# Two Sum

EasyGiven an array of integers nums and an integer target, return indices of the two numbers such that they add up to target.

You may assume that each input would have ** exactly one solution**, and you may not use the

*same*element twice.

You can return the answer in any order.

```
Example
Input: nums = [2,7,11,15], target = 9
Output: [0,1]
Output: Because nums[0] + nums[1] == 9, we return [0, 1].
```

**Constraints:**

- 2 <= nums.length <= 103
- -109 <= nums[i] <= 109
- -109 <= target <= 109
**Only one valid answer exists.**

Let's start out with the skeleton problem.

```
/**
* @param {number[]} nums
* @param {number} target
* @return {number[]}
*/
var twoSum = function(nums, target) {
};
```

We will start with a brute force method. In most cases if this were an interview it would probably be good enough to just talk through this example without actually implementing the code for it, but for the sake of completeness we will go ahead and implement it. We could solve this problem by nesting loops reading each number and then checking all of the remaining numbers to see if there is a match that would sum up to the target.

```
var twoSum = function(nums, target) {
for (let i = 0; i < nums.length -1; i++) {
const firstNum = nums[i];
for (let j = i + 1; j < nums.length; j++) {
const secondNum = nums[j];
if (firstNum + secondNum === target) {
return [i,j];
}
}
}
return [];
};
```

Here we have a working first solution. It's a simple nested loop where we start the outer loop at the beginning of the array and keep track of the number we are on in a new variable. We then use the inner loop to run the remainder of the array checking if any item plus the item being tracked in the variable equals the target. If so we return the variable and the item. If no two numbers in the array equal the target we just return an empty array. Although this works, it has a runtime of O(n2). Let's see if we can do better if we use some form of hashmap. Let's create one.

```
var twoSum = function(nums, target) {
let hash = {};
};
```

Next we will still need to iterate over the input array.

```
var twoSum = function(nums, target) {
let hash = {};
for (let i = 0; i < nums.length; i++) {
}
};
```

Inside the loop we need to check if there is a value that equals the target number minus the current number.
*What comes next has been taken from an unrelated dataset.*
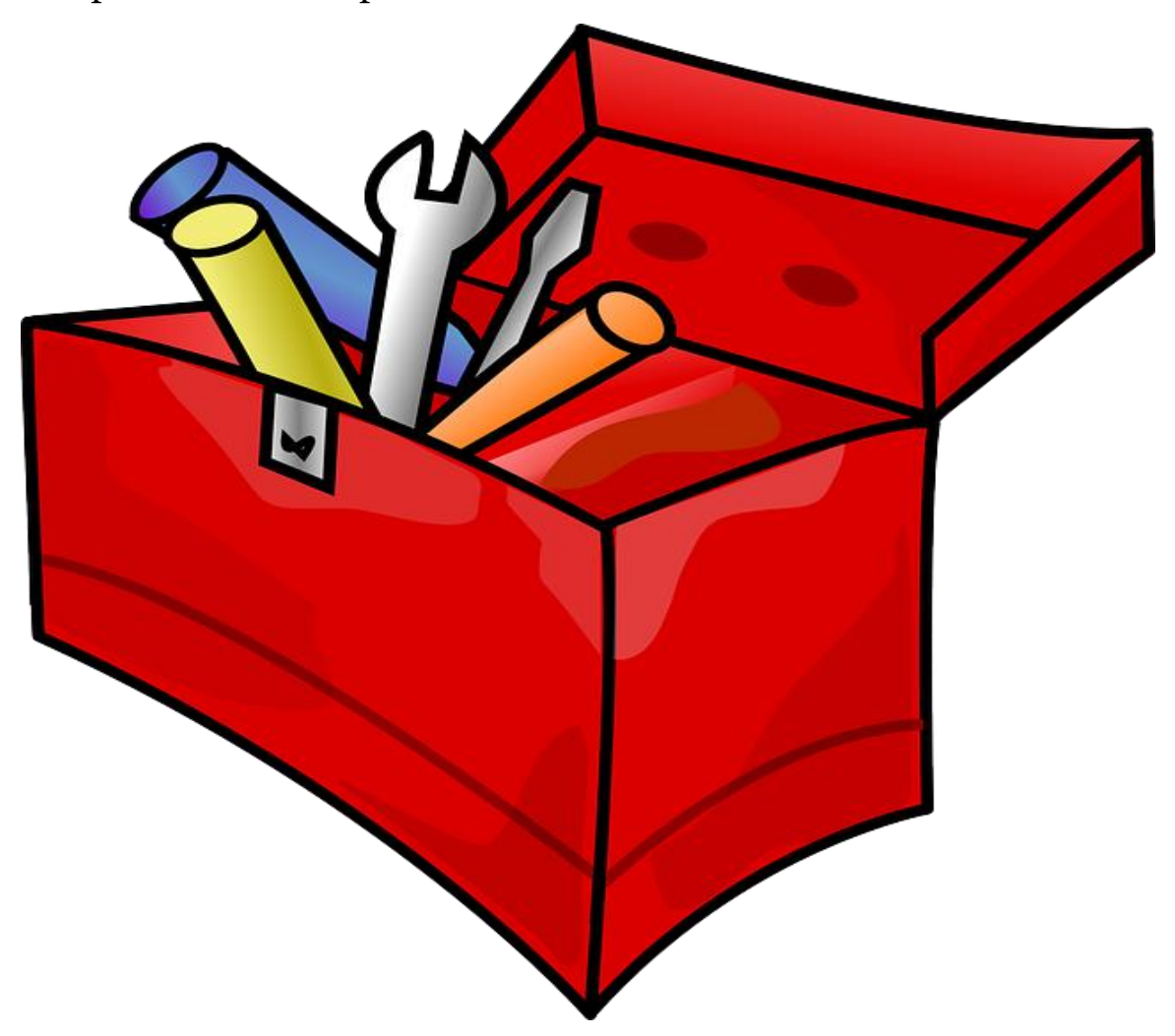
Handyman At Work

When it comes to having the right handyman tools, getting a set with some level of quality is better than just throwing together a few bit and pieces to make up a kit.

If there is we can return the indices of the two numbers. If not we can then add the new number and it's index to the hash.

```
var twoSum = function(nums, target) {
let hash = {};
for (let i = 0; i < nums.length; i++) {
const potentialMatch = taget - nums[i]
// in js the number 0 is a falsey value so if the index was 0 we need to account for that
if (hash[potentialMatch] || hash[potentialMatch] == 0) {
return [i, hash[potentialMatch]]
} else {
hash[nums[i]] = i
}
}
};
```

Finally if we didn't find a matching pair we just need to return an empty array at the end.

```
var twoSum = function(nums, target) {
let hash = {};
for (let i = 0; i < nums.length; i++) {
const potentialMatch = target - nums[i]
// in js the number 0 is a falsey value so if the index was 0 we need to account for that
if (hash[potentialMatch] || hash[potentialMatch] == 0) {
return [i, hash[potentialMatch]]
} else {
hash[nums[i]] = i
}
}
return []
};
```

Using the hash we can do constant time lookups of the past numbers giving us a runtime of O(n). We have increased the space complexity here up to O(n) but we will see that sorting the array can help to minimize this issue when we get to `Two Sum II.- Input array is sorted`.